A version of “The Scream” painting by the Norwegian painter Edvard Munch was sold on Wednesday evening in New York for $119.92 million. It is an absolute record price, making the 1895 painting the artwork with the highest price ever sold at an auction, informs AFP. The auction, organized at Sotheby’s in New York, lasted only 12 minutes, and the amount at stake grew by over $10 million dollars a minute. Seven buyers have stubbornly fought for the artwork, estimated initially at $80 million.
Only eight works of art have exceeded, in the past, the threshold of $80 million at an auction and none of them reached $100 million in the actual auction. Munch’s painting is the only work that has managed this performance. The previous world record was owned by a Picasso painting, “Nude, green leaves and bust”, sold for $106.4 million in May 2010, at Christie’s in New York. The pastel painted by Munch in 1895, representing a man screaming with his hands around the face, with the Oslo bloody sky in the background, is the only one of four versions of the painting that was still owned by a private collector. The other three versions of the picture belong to Norwegian museums.
No detail was provided about the identity of the buyer, which was the subject of much speculation after the auction, but the seller, Norwegian businessman Petter Olsen said he was very pleased about the record price. Petter Olsen will use the money to build a new museum dedicated to the artist in Norway.
Sale of Munch’s work allowed Sotheby’s to beat their own record for a single evening auction of Impressionist and modern art, which was $286.2 million, dating from 1990. Wednesday evening, by selling 65 of the 76 items offered at auction, Sotheby’s reached the amount of $330.56 million.
Between 1893 and 1910, Edvard Munch, an expressionist painter (1863-1944), produced four versions of this picture, which have become, over the years, a true symbol of universal anxiety. The painting sold Wednesday night belonged to Olsen family for over 70 years. This painting has a peculiarity: it includes in red lettering on its wooden frame the poem that inspired this work, which became one of the most recognizable masterpieces in the world.
Simon Shaw, vice president and director of the Impressionist and Modern Art department of Sotheby’s, says that “The Scream” of Munch is only exceeded on a celebrity scale by Leonardo Da Vinci’s “Mona Lisa” in terms of recognition of a popular culture image.

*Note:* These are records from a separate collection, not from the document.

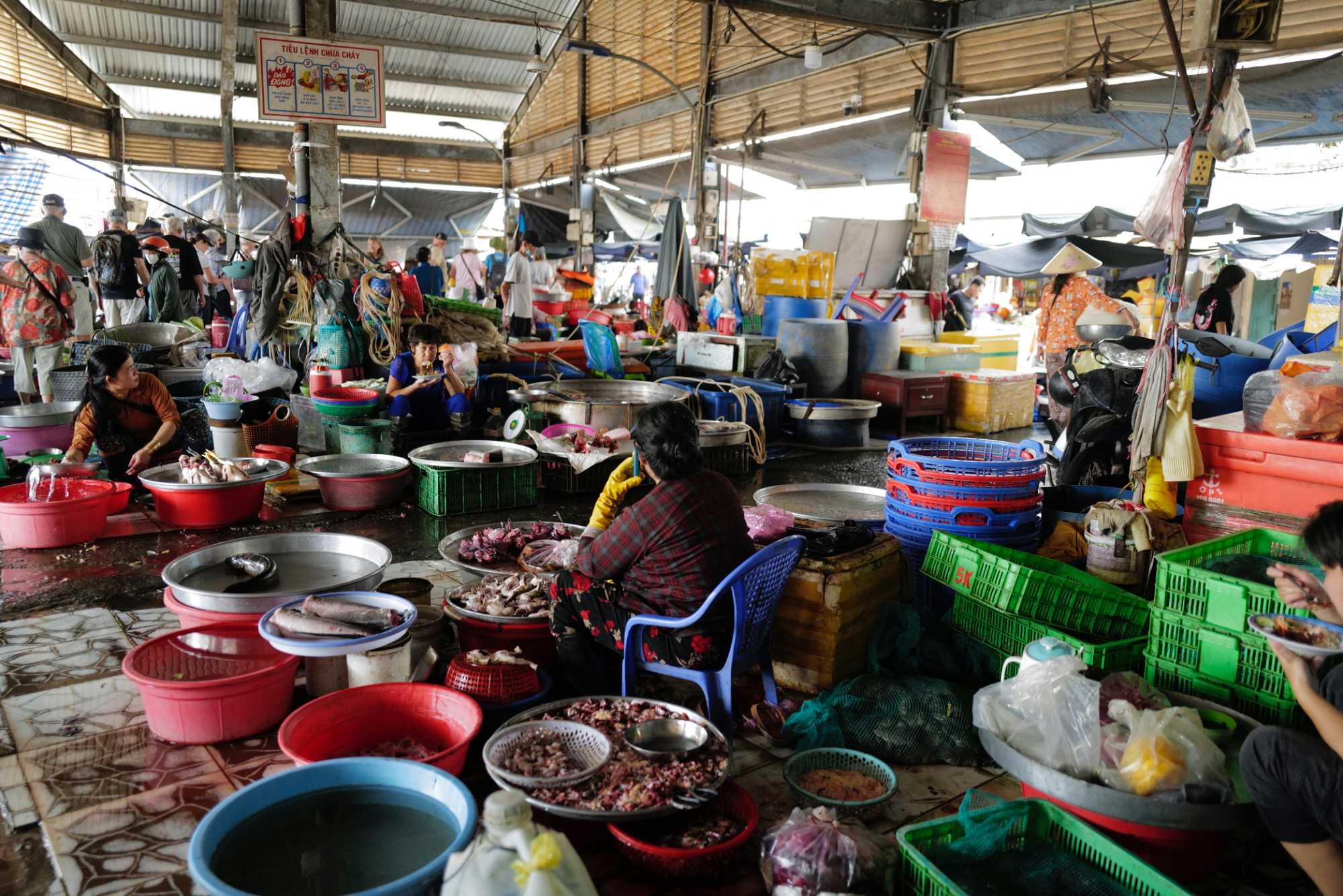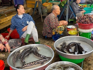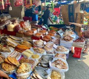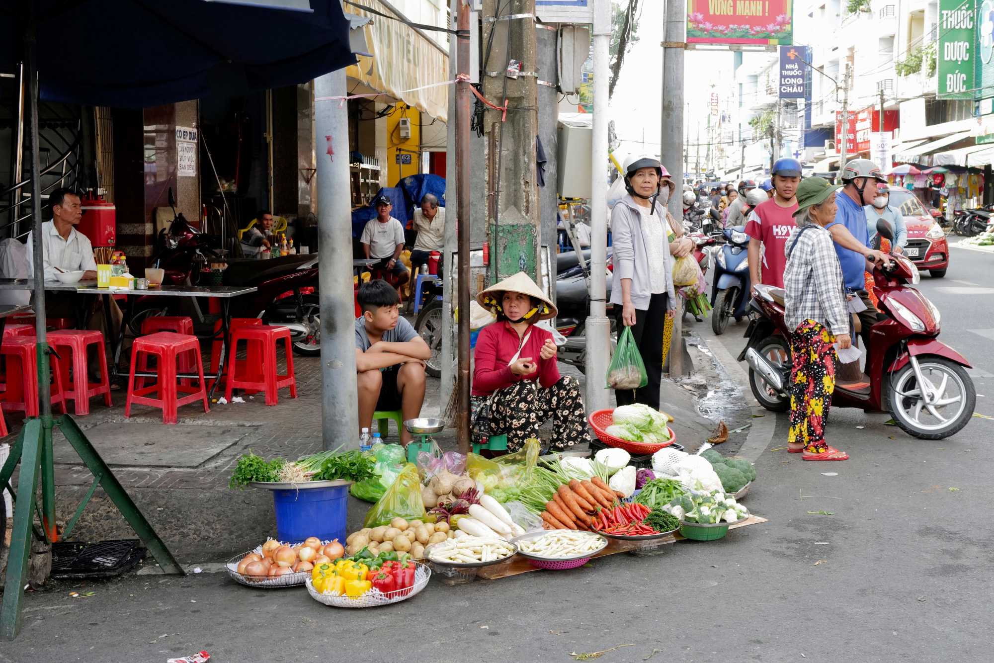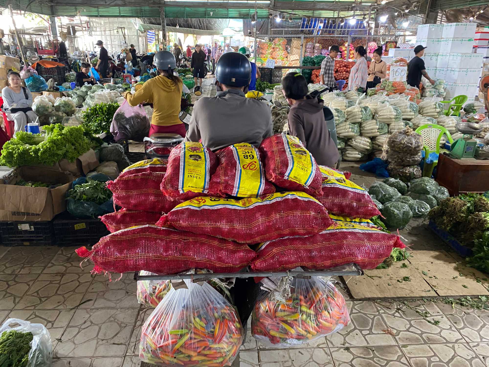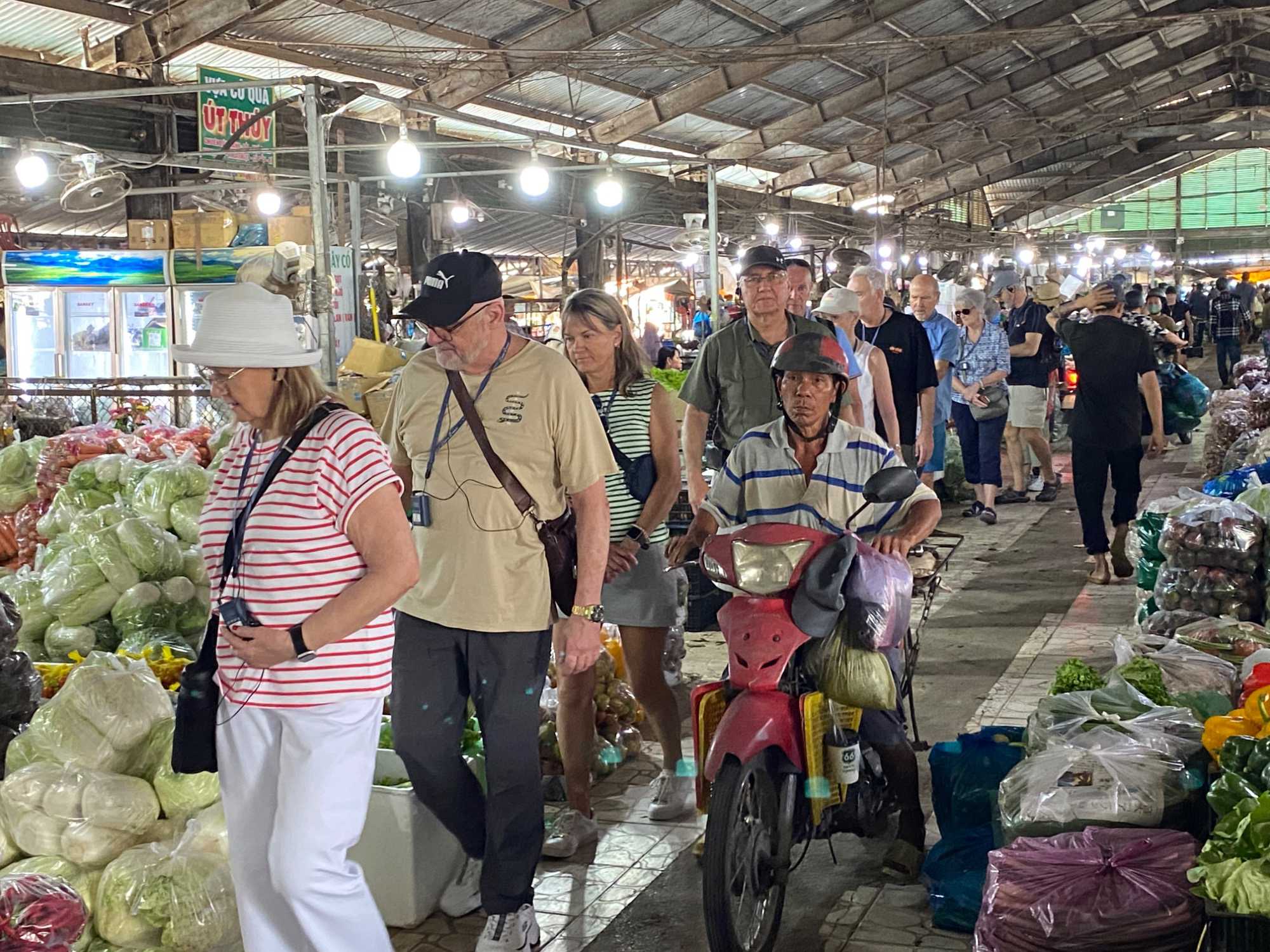 Puis, nous déambulons vers le marché animé de la ville. En prévision des festivités du Têt; le nouvel an vietnamien , un bouillonnement incessant d’activités humaines se déroule sous nos yeux. Les rues était noires de monde. On avait du mal à avancer tellement il y avait de gens partout. Ça criait, ça discutait, ça négociait dans tous les sens. Les scooters passaient au milieu de la foule, klaxonnaient, s’arrêtaient devant un stand. Certains clients ne descendaient même pas : ils tendaient la main, prenaient leur sac de légumes, payaient, et repartaient aussitôt, en se frayant difficilement un chemin à travers la densité de cette masse humaine..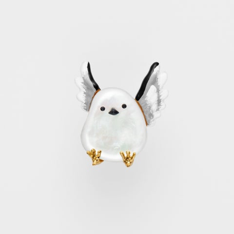 空をきょとんと見上げるシマエナガの姿を表現。メタルはやわらかく指を包み込むような優美な曲線を描き、上質な淡水パールを雪に見立てています。
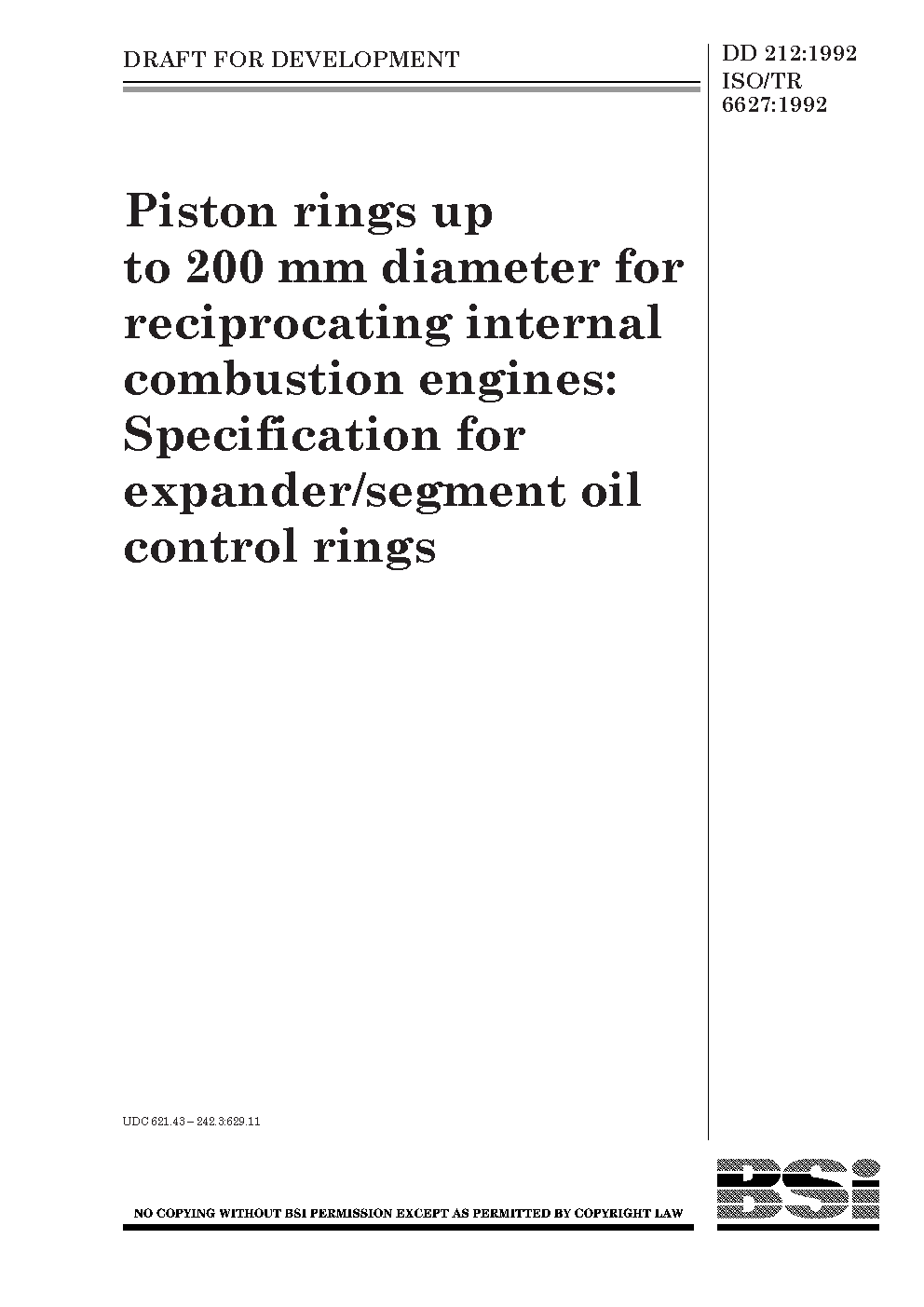 Piston rings up to 200 mm diameter for reciprocating internal combustion engines. Specification for expander/segment oil control rings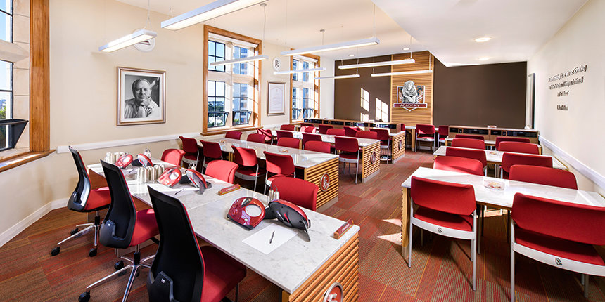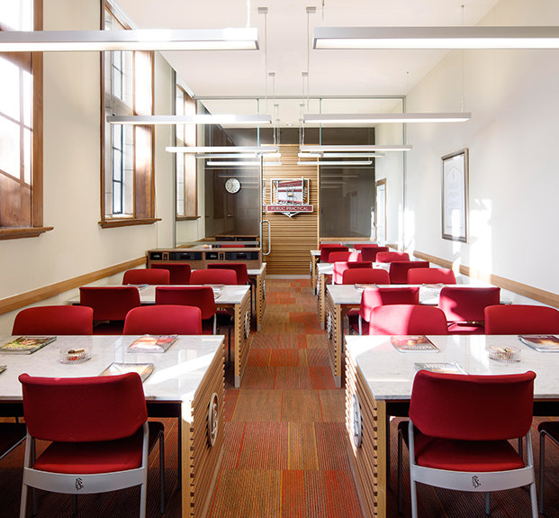 From the red brick and white Oamaru stone fabric used across the façade, to the restoration of delicately finished oak in the entrance hall and library and preservation of rimu timber panelling and jarrah wood flooring, she noted, the work has set the facility apart as a work of art itself.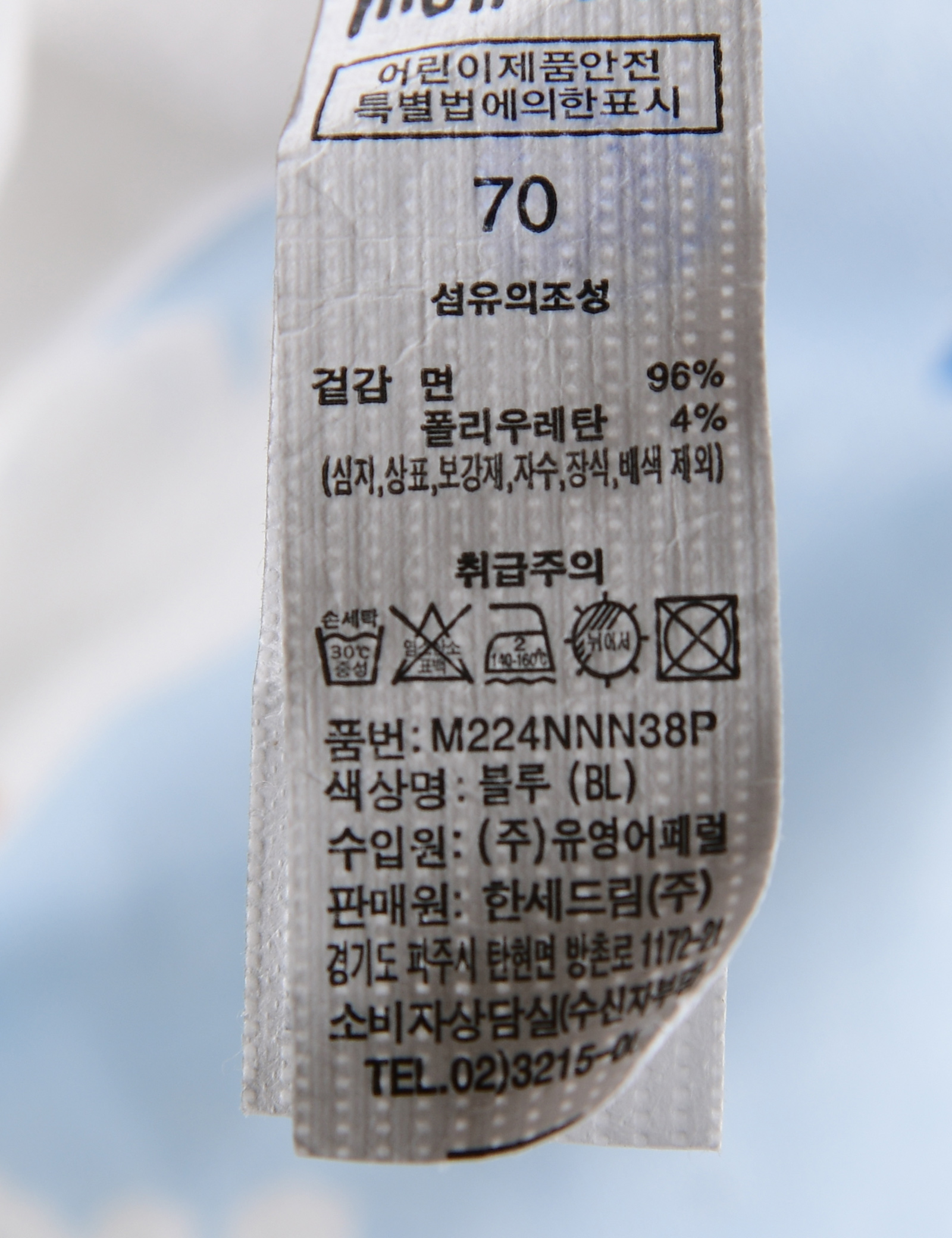 | 세탁방법 및 취급시 주의사항 | 본 세품은 손세탁 하십시오(케어라벨 참고) |
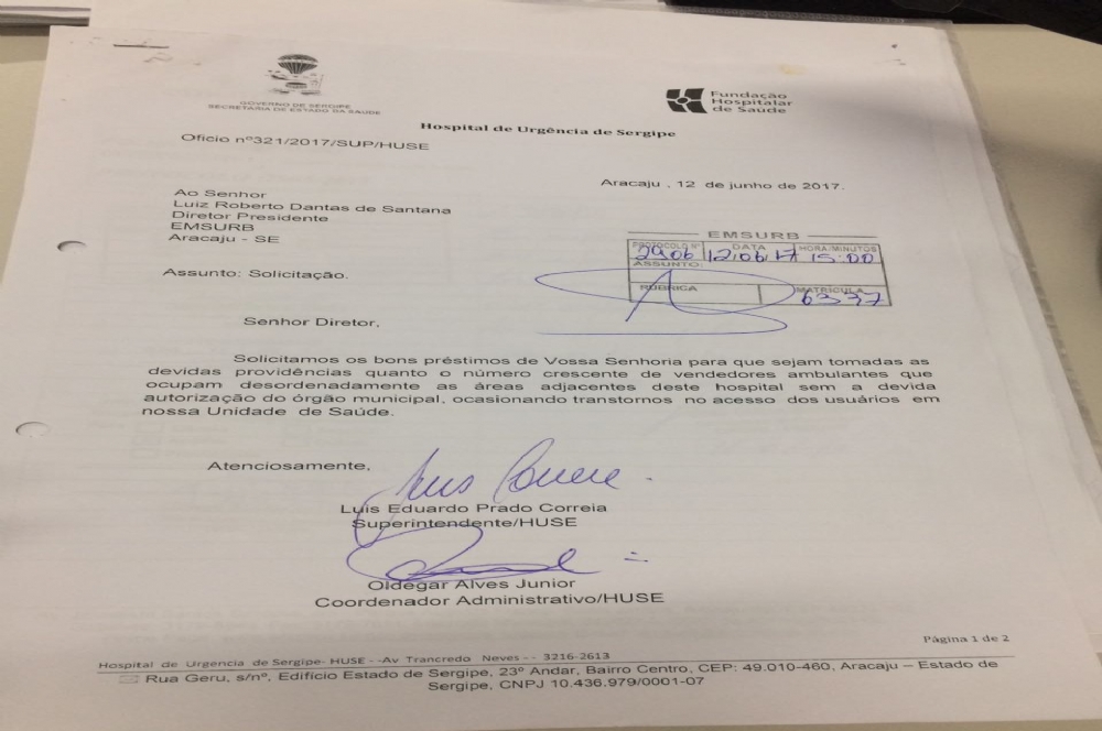 O documento entregue aos ambulantes diz que o motivo da remoção é falta de registro para comercialização naquele espaço. Umm ofício datado de 12 de junho e assinado pela superintendência e coordenação administrativa do Huse, "solicita providências a Emsurb para o crescente número de ambulantes que ocupam o espaço, ocasionando transtornos no acesso dos usuários da unidade", assina o ofício.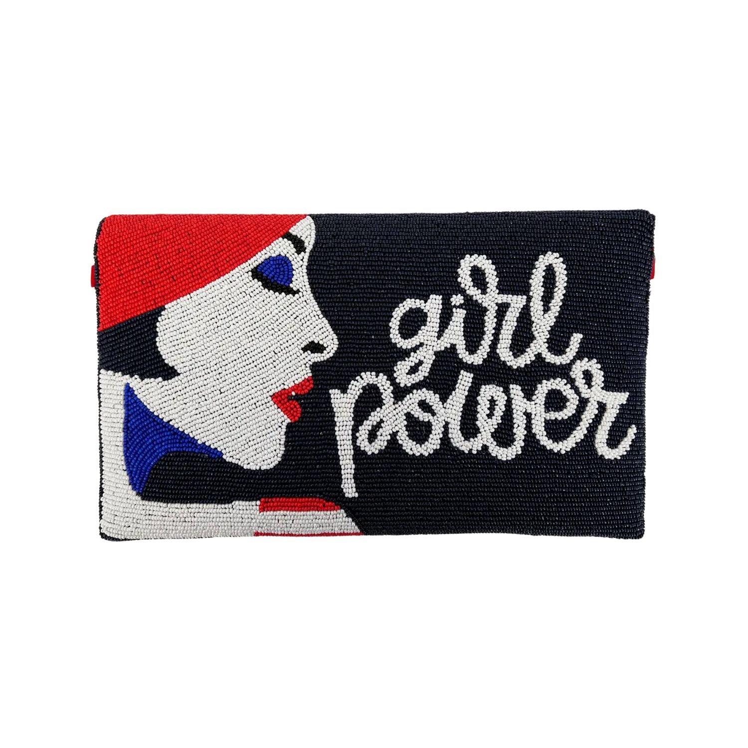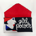 Elevate your outfit with this exquisite Girl Power Beaded Clutch Handbag—a true celebration of modern femininity and artistic craftsmanship. Beautifully hand-beaded, this clutch features a striking profile of a woman rendered in bold, elegant colors, complemented by the empowering “girl power” mantra. The refined palette of black, white, red, and blue creates a timeless statement piece that seamlessly blends contemporary art with classic sophistication.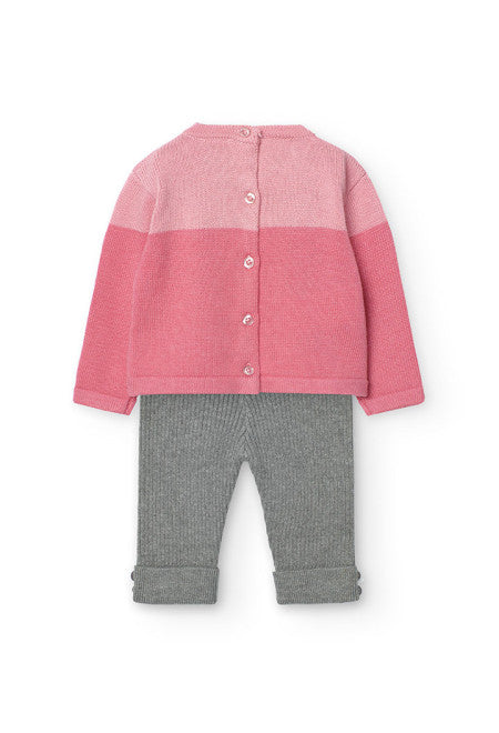 Set il cui design comprende una stampa delicata che aggiunge un tocco di tenerezza. Il collo rotondo e le maniche lunghe garantiscono comfort e protezione nelle giornate invernali. Il tessuto a maglia rosa è morbido e caldo, perfetto per la pelle sensibile dei più piccoli. La chiusura a bottoni facilita il cambio d'abito. È un capo essenziale per il guardaroba del vostro piccolo durante la stagione fredda.

In his diary on February 22, 1892, Edvard Munch explains the inspiration for “The Scream”: ” I was walking along a path with two friends – the sun was setting – suddenly the sky turned blood red – I paused, feeling exhausted, and leaned on the fence – there was blood and tongues of fire above the blue-black fjord and the city – my friends walked on, and I stood there trembling with anxiety – and I sensed an infinite scream passing through nature”.